Still, Pearls isn't the comeback I'd anticipated. There's an odd indifference — perhaps it's melancholy — in King's replays of chestnuts like "Locomotion," "Oh No Not My Baby" and "Goin' Back." These tunes lack the definitive touch or the first-time-out exuberance that characterized similar remakes on Writer: Carole King and Tapestry — or, for that matter," Dancin' with Tears in My Eyes," Pearls' one new number. This composition — a catchy throwback to King's Shirelles days and a great improvement over her recent psychobabbling — is the current album's most lavishly produced track, and that leads to another slight disappointment: the oldies here are done almost austerely with little more than piano and voice, like demos from the Great Masters. Though the a cappella intro to "Chains" and the speedy tempo and shooby-dooby-doo-wahs in "One Fine Day" are fun, the clattery, kitschy arrangements of yore are missed.

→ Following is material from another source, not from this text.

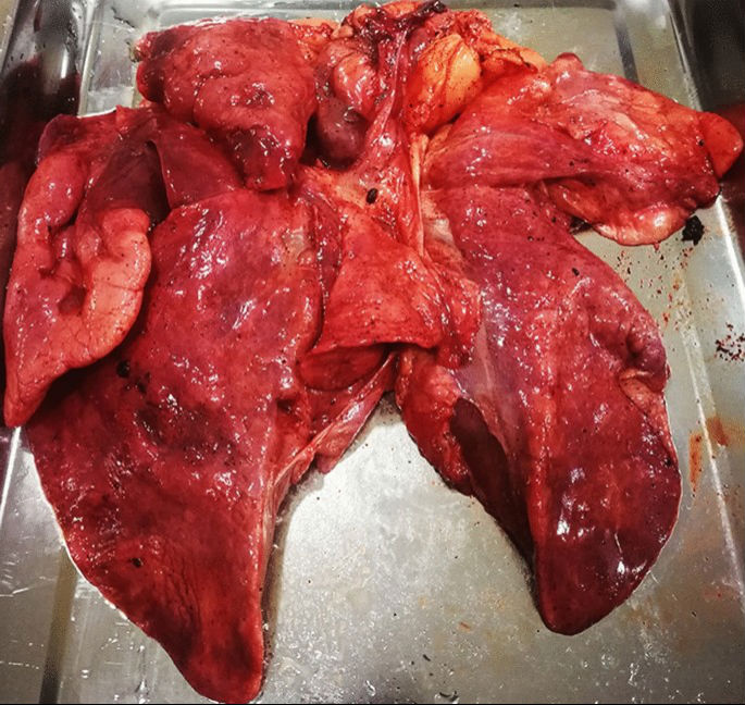 Gross observation of lung of Case 2. The lung presents dull-red, swelling, and liquid leakage from the section.

Interestingly, Pearls' best cuts are those least associated with Carole King. Besides "Dancin' with Tears in My Eyes," there's "Snow Queen" (which King first recorded in 1968 with her trio, the City), now redelivered in a nicely streamlined, jazz-propelled version. The biggest surprise is "Hey Girl." This old Freddie Scott hit is a strange choice, given the lyric's gender specifications, but King gives it a beautifully rough, near-torchy treatment. Her passionate performance is reminiscent of Linda Ronstadt's version of "Hurt So Bad" — it climaxes in long notes of rage mixed with desperation — but, to these ears, King's is the more emotionally convincing and aesthetically pleasing.

Of course, doing an LP like Pearls presents Carole King with a new problem. It brings her career full circle (as did her first solo effort, Writer), yet it also raises the question: where does she go from here? Judging from the burned-out quality of the records immediately preceding Pearls, that question is pretty scary.